Bild: Nach der Attacke: Israelischer Soldat und eine Frau unter Schock am Jerus…
Jerusalem taz | Als im Zug jemand meint, einen Terroristen entdeckt zu
haben, bricht Panik aus. Die Notbremse wird gezogen. Voll Angst drängen
Dutzende Leute zu den Türen, springen die Stufen hinab, rennen los. Am Ende
ist es nur ein Gerücht. Niemand hatte vor, willkürlich mit einem Messer um
sich zu stechen. Sieben Leute müssen mit Schock ins Krankenhaus.
Falscher Alarm legt auch in Tel Aviv den Verkehr stundenlang lahm. Auf der
Suche nach zwei verdächtigen Arabern sperrt die Polizei eine zentrale
Straßenkreuzung. Die beiden sind zur Arbeit in Tel Aviv – und, wie sich
später erweist, harmlos.
Seit gut zwei Wochen vergeht kein Tag, an dem nicht ein Palästinenser
versucht, Israelis mit einem Messer anzugreifen. Jedes Mal wird der Täter
von Pistolenkugeln niedergestreckt.
Auf beiden Seiten wächst die Angst, plötzlich angegriffen oder fälschlich
für einen Angreifer gehalten zu werden. Schon ist von einer neuen Intifada
die Rede. Aber für einen palästinensischen Volksaufstand müssten sich die
Palästinenser zunächst einmal in den eigenen Reihen einig sein.
## Uneinigkeit begrenzt Gewalt
Die beiden großen Organisationen Fatah und Hamas bleiben jedoch zerstritten
– und diesem Zwist ist es zu verdanken, dass die palästinensische Führung
in Ramallah in jenen Gebieten, die unter ihrer Kontrolle stehen, die Gewalt
in Grenzen hält.
Ganz andere Regeln gelten indes für Ostjerusalem und den Gazastreifen. Und
wieder ganz anders ist die Lage in den arabisch-israelischen Ortschaften –
an der einzigen Front, an der es bislang keine Toten gab.
In Israel, wo die Araber rund 20 Prozent der Gesamtbevölkerung stellen, gab
es bislang vier von Staatsbürgern verübte Übergriffe – je zwei Täter waren
muslimische, die anderen beiden jüdische Israelis.
Alle vier Angreifer gelten als psychisch labil.
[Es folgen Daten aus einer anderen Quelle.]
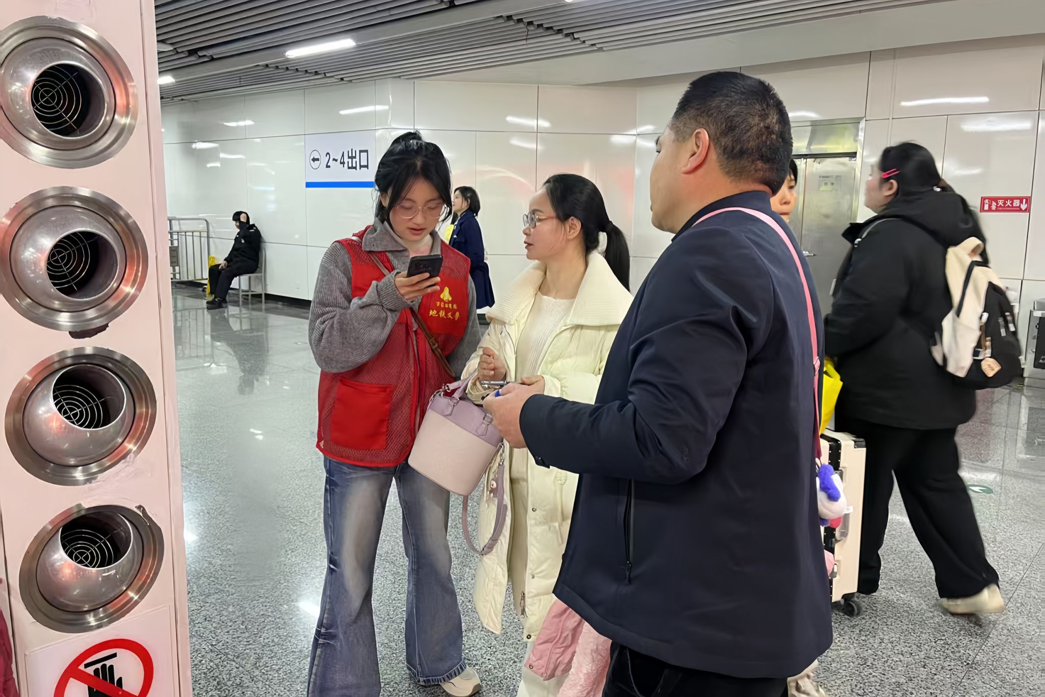 在活动启动阶段,志愿者们接受了系统的岗前培训,深入学习站点布局、线路走向及换乘规则,并根据个人特长合理分配岗位职责。服务期间,志愿者们分工协作,与地铁站工作人员紧密配合,高效开展乘客引导、咨询解答、秩序维护等工作。志愿者们以热情细致的服务,展现了新时代青年的责任与担当,赢得了乘客和工作人员的广泛好评。
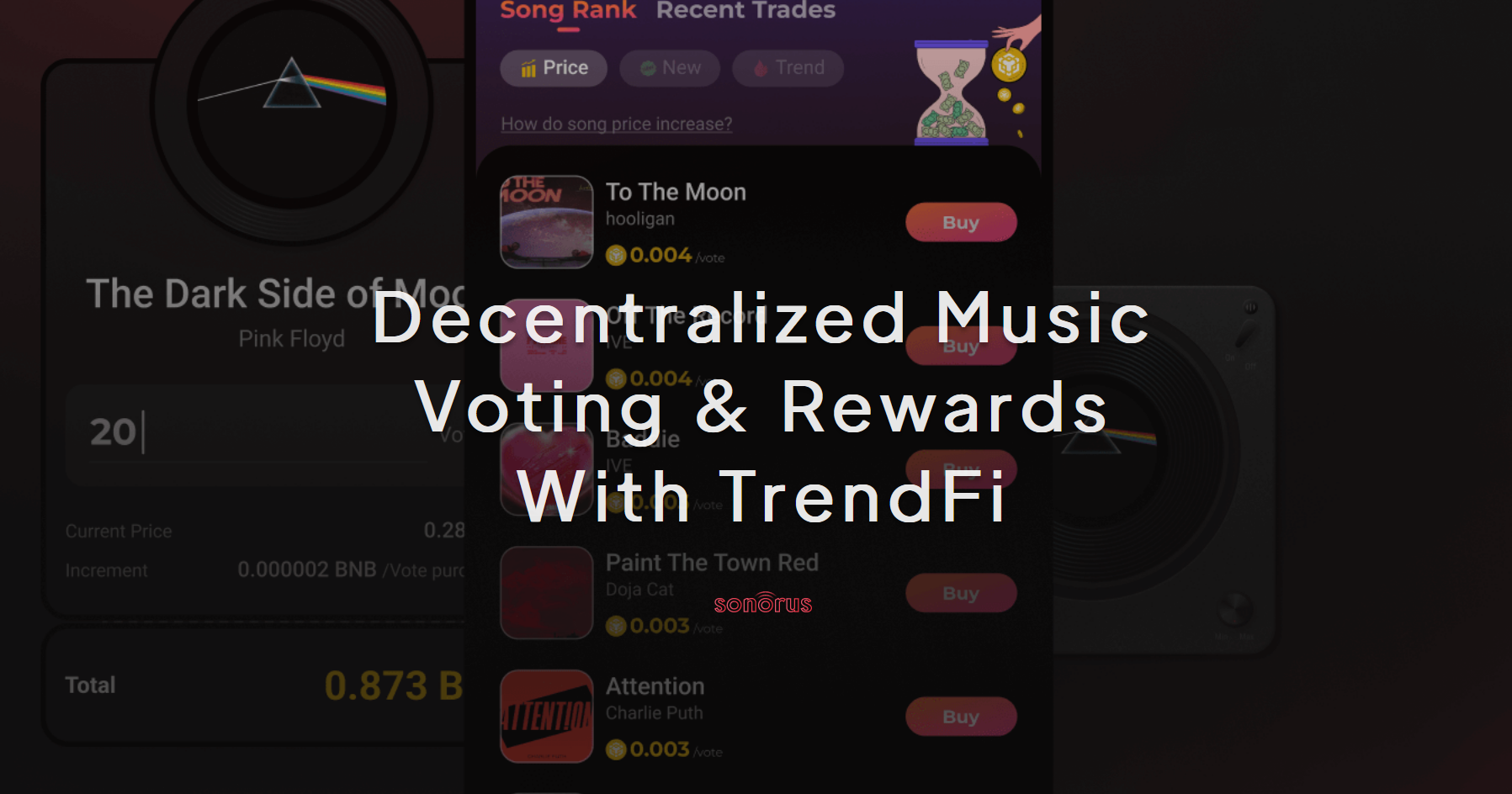 TrendFi is the innovative mechanism launched by Sonorus, allowing fans to actively discover and share new music. TrendFi represents the instrument making Sonorus' vision a reality, where music charts reflect the community's collective voice. The platform goes beyond the classic passive listening experience and encourages active participation through voting for favorite tracks.

Die beiden Araber zogen los
in der Hoffnung, Helden zu werden, und die zwei Juden wohl im Irrglauben,
in der allgemeinen Aufregung ihrem Zorn ungeschoren freien Lauf lassen zu
können.
## Koexistenz auf Augenhöhe
Solchen Wahnsinn gibt es nur in Extremsituationen, und beide
Bevölkerungsgruppen gingen unmittelbar sehr deutlich auf Distanz zu dem
gefährlichen Verhalten ihrer Angehörigen.
Eine Koexistenz auf Augenhöhe oder fast auf Augenhöhe ist möglich. Dass
Juden, Muslime und Christen friedlich zusammenleben können, zeigt gerade in
diesen Wochen das Verhalten von Israels Arabern, die sich zwar mit ihren
Glaubensbrüdern in Ostjerusalem und in den Palästinensergebieten
solidarisieren, bei ihrem Protest aber die Gesetze achten.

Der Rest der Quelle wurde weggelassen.